→ Your objective:
As the answer, give exactly the lines of the records below from the one with "die nachfolgenden Pilze" through the one with "Foreign Cemetery |", ends included and pictures left out.

Recorded data:
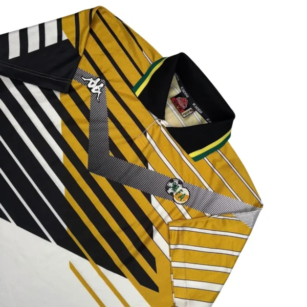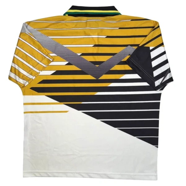 Note IFS : 8/10 – Rare maillot de l’Afrique du Sud en très bon état, avec seulement quelques bouloches. Bien conservé, design rétro qui claque, une vraie pièce vintage qui sort du lot pour les fans des Bafana Bafana ou amateurs de belles pièces de collection.
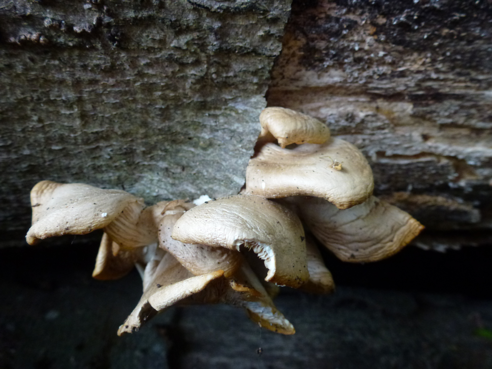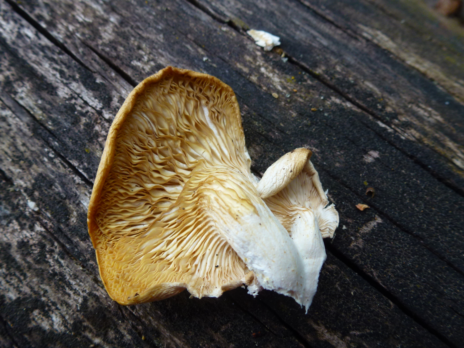 die nachfolgenden Pilze fand ich heute büschelweise an einem alten Buchenholzstapel. Die meisten waren bereits vertrocknet, einige gerade noch ein wenig elastisch. Der Geruch ist anis-artig. Im Wald dachte ich an Sägeblättlinge, aber der Geruch? Und außerdem lag ich bei meinen Bestimmungsversuchen von Pilzen ja schon mehr als oft total daneben ![]()
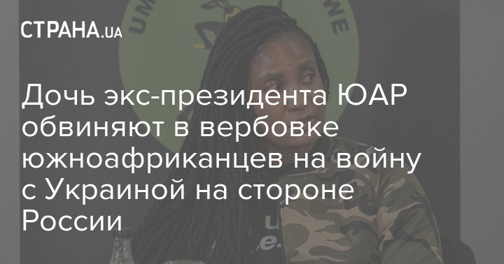 Дочка колишнього президента Південно-Африканської Республіки (ПАР) Дудузіле Зума-Самбудла звинувачується у вербуванні мешканців своєї країни для війни в Україні на боці РФ.
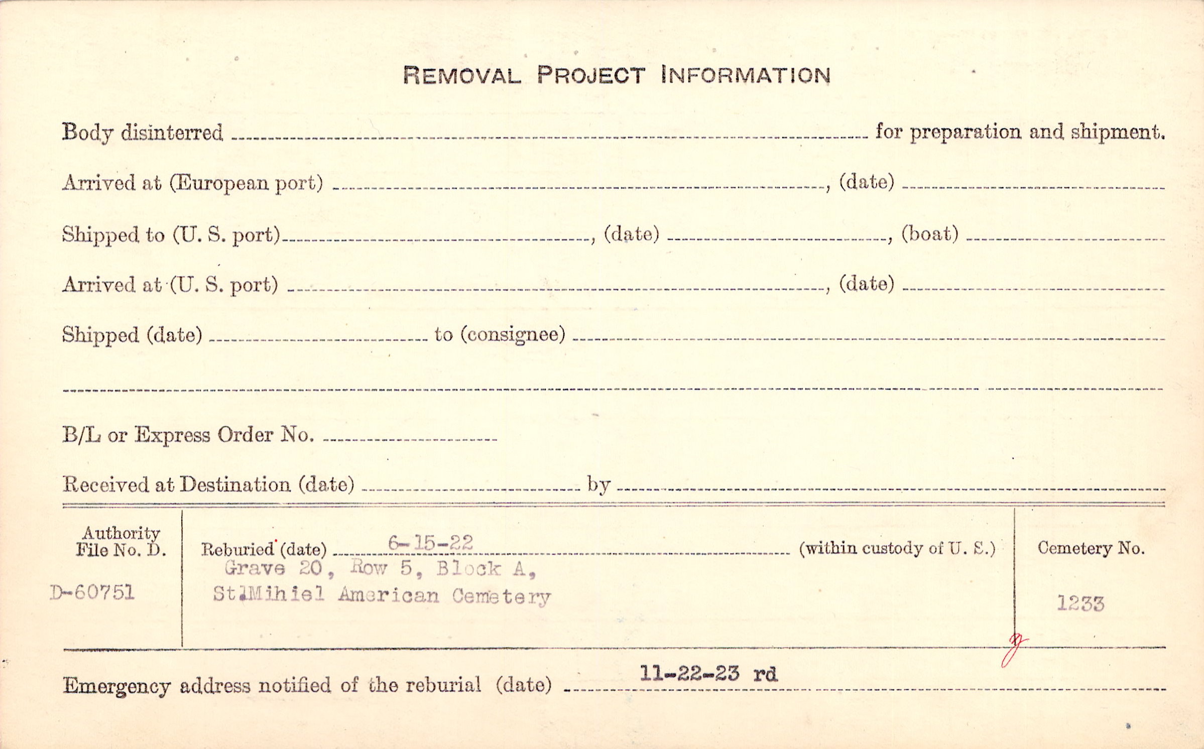 | Permanent Burial in Foreign Cemetery |
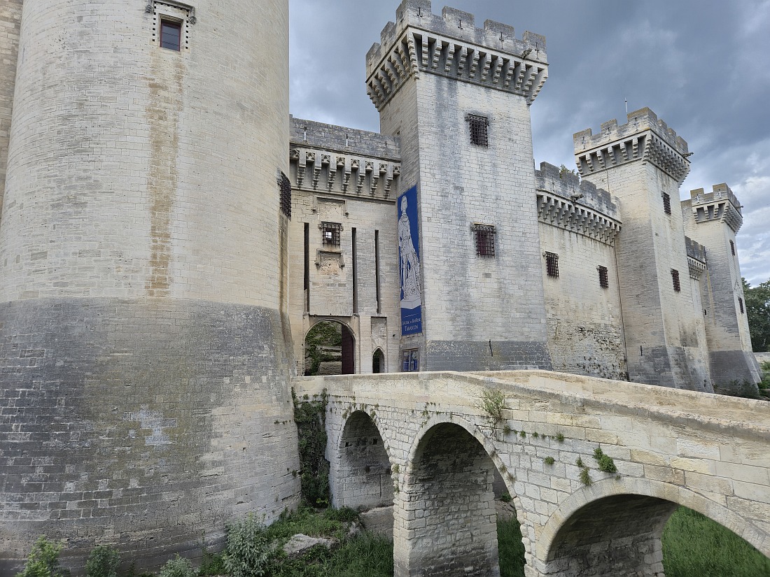 Ville provençale située en bordure du Rhône, marquée par son majestueux château du roi René, exceptionnellement bien conservé, l'un des plus beaux châteaux médiévaux de France et d'Europe. La construction de cette forteresse qui sert à la défense de la Provence face au royaume de France avec le château de Beaucaire, débute en 1400 sous Louis II d'Anjou puis est terminée en 1435 par son fils le roi René. Dotée d'un impressionnant système défensif, elle abrite également l'intérieur élégant d'une résidence princière. La cité possède 26 monuments classés dont le château, la collégiale, l'hôtel de ville,... tout au long de ses rues pittoresques parmi lesquelles, la rue des Halles à arcades du XIVème siècle, la rue Arc de Boqui, entièrement couverte, la rue des Juifs,... La ville est encore associée aujourd'hui aux légende et conte dont elle est le théâtre, celle ci raconte que Marthe de Béthanie venant de Palestine débarque à Tarascon où sévit la "Tarasque", terrible monstre amphibie, elle le dompte par la seule force de sa foi chrétienne. La collégiale Sainte Marthe est construite en son honneur, la crypte abrite ses reliques où sont venus se recuillir de nombreux fidèles et personnages illustres. Il y a aussi le célèbre conte de "Tartarin de Tarascon", légendaire personnage chasseur de lions, né sous la plume d'Alphonse Daudet en 1872. A quelques kilomètres sur la route d'Avignon se trouve l'abbaye Saint Michel de Frigolet, isolée dans un vallon sauvage. Abbaye de chanoines Prémontrés, fondée au XIIème siècle qui a connu beaucoup de vissicitudes au cours des 9 siècles de son histoire.
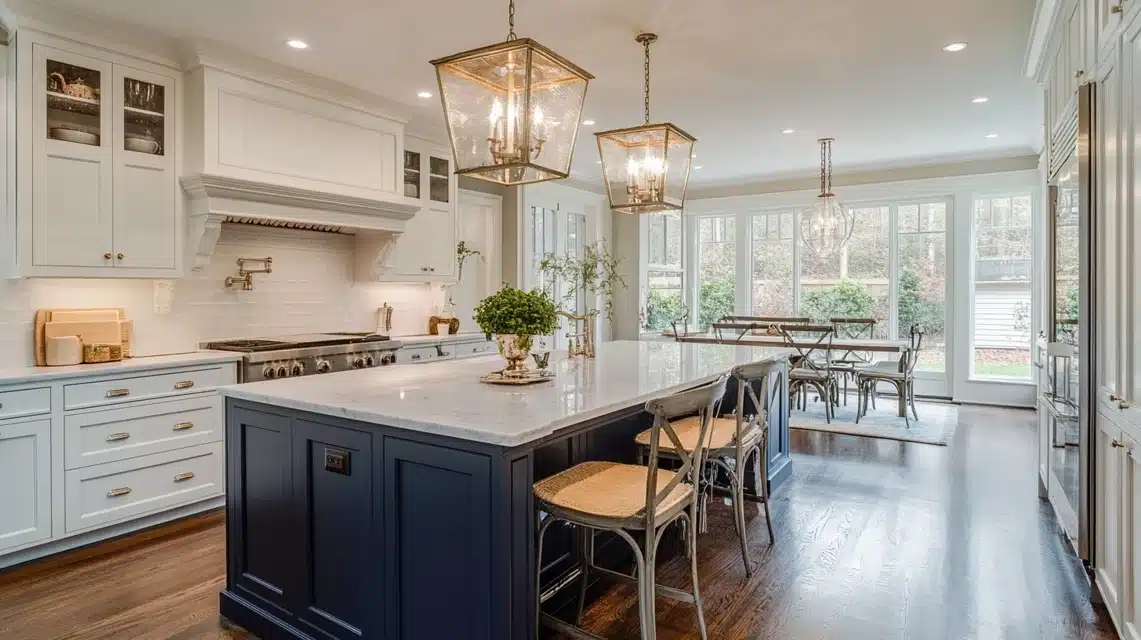 The contrast between the navy island and my white perimeter cabinets creates this beautiful tension that makes the kitchen feel more intentional and designed.
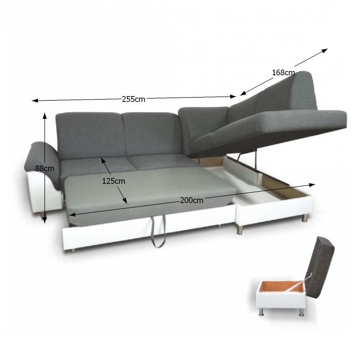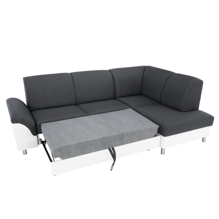 Rohová sedačka s rozkladom a úložným priestorom Polo P - biela / tmavosivá

→ Exercise solution:
 die nachfolgenden Pilze fand ich heute büschelweise an einem alten Buchenholzstapel. Die meisten waren bereits vertrocknet, einige gerade noch ein wenig elastisch. Der Geruch ist anis-artig. Im Wald dachte ich an Sägeblättlinge, aber der Geruch? Und außerdem lag ich bei meinen Bestimmungsversuchen von Pilzen ja schon mehr als oft total daneben ![]()
 Дочка колишнього президента Південно-Африканської Республіки (ПАР) Дудузіле Зума-Самбудла звинувачується у вербуванні мешканців своєї країни для війни в Україні на боці РФ.
 | Permanent Burial in Foreign Cemetery |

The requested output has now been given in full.